Task brief:
Everything in the listing should be copied exactly, save for the pictures.

Input data START

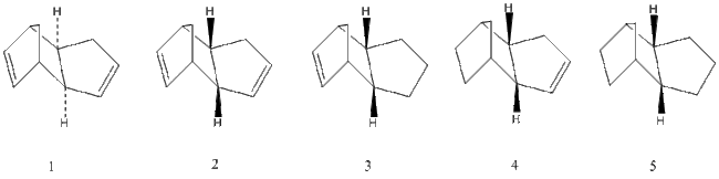 The geometries and energies of the four species, exo dimer 1, endo dimer 2, and dihydro derivatives 3 and 4 (that occur before the dimer is fully hydrogenated to the tetrahydro derivitive, 5) will be calculated.
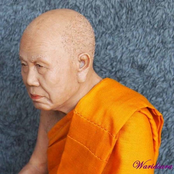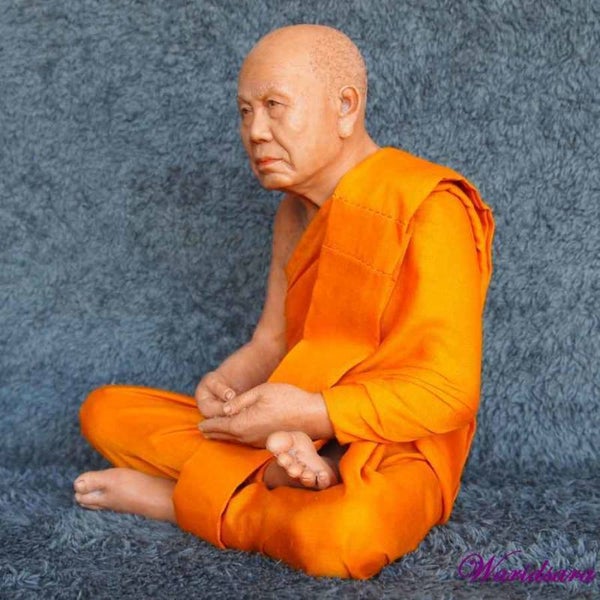 Geheel met de hand vervaardigde Thais Boeddhistische monnik. De monnik is geheel in de originele stijl vervaardigd naar beeltenis van de inmiddels overleden monnik. De kleding is in originele kleurstelling en dracht zoals deze in het klooster van deze monnik werd en nog steeds wordt gedragen.
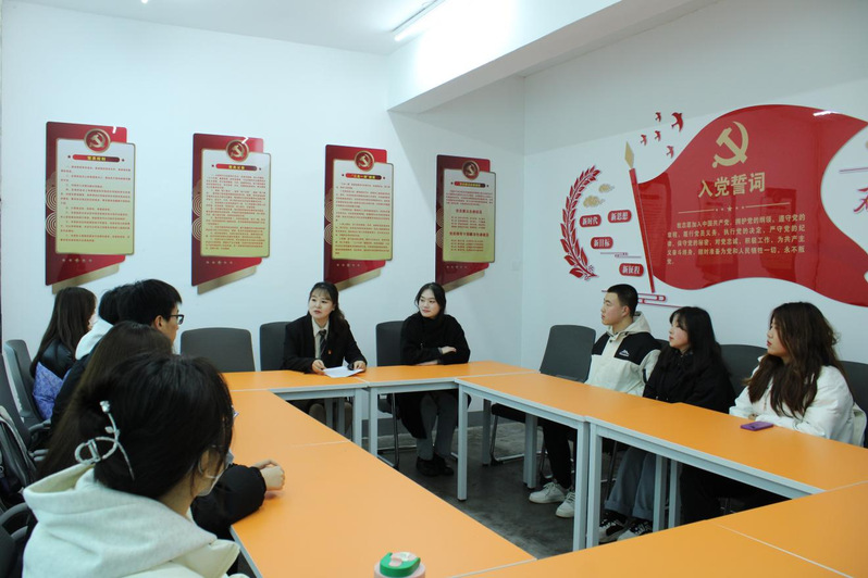 ▲郑雨佳老师与学生洽谈入党动机
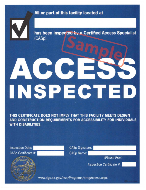 CASp Inspection San Francisco CA Certified ADA Consultants

Input data END

Response to this task:
 The geometries and energies of the four species, exo dimer 1, endo dimer 2, and dihydro derivatives 3 and 4 (that occur before the dimer is fully hydrogenated to the tetrahydro derivitive, 5) will be calculated.
 Geheel met de hand vervaardigde Thais Boeddhistische monnik. De monnik is geheel in de originele stijl vervaardigd naar beeltenis van de inmiddels overleden monnik. De kleding is in originele kleurstelling en dracht zoals deze in het klooster van deze monnik werd en nog steeds wordt gedragen.
 ▲郑雨佳老师与学生洽谈入党动机
 CASp Inspection San Francisco CA Certified ADA Consultants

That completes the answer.